1.        Immunisation against acute infectious diseases such as diphtheria, scarlet fever and measles and control of infection through selective antibiotics to decrease the incidence of infectious complications.

2.        Immune serum globulin for women with the first trimester of pregnancy who have been exposed to measles in an effort to prevent congenital heart diseases or other malformation of their babies.
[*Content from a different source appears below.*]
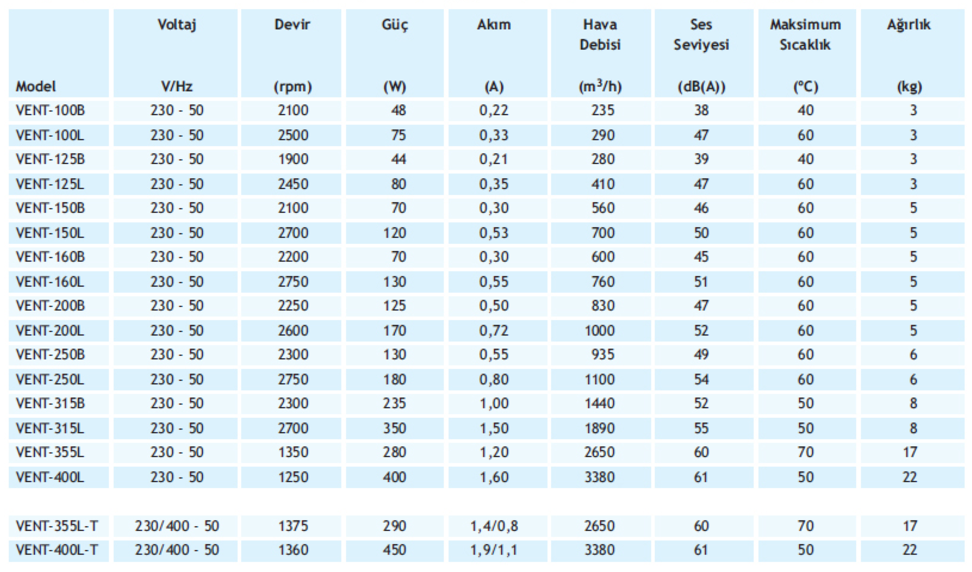 B Versiyonu: Standart performanslı, düşük ses seviyeli modeller.100, 125, 150, 160 modellerde fan pervaneleri plastiktir.

3.        Children are the major source of rubella infection in the community the best method for preventing rubella in pregnant women is to vaccinate children, this reduce the incidence of measles among pregnancy women and thus reduce congenital anomalies.

 

 


 

CONCLUSION

 

          More people are affected directly or indirectly by cardiac diseases than by any other single disease deaths caused by cardiac disease vary with age.  Congenital and malformation of the heart and closely related vascular system are the caused of over 90 percent of the death.

 

 

 

 


 

 

BIBLIOGRAPHY

 

1.         K.Parks Essentials of Community health Nursing, Forth Edition, page.No.344.

2.         B.T.Basavanthappa Community Health Nursing Second Edition, Jaypee Brothers, medical Publishers (P) Ltd., Pg.No.808-810.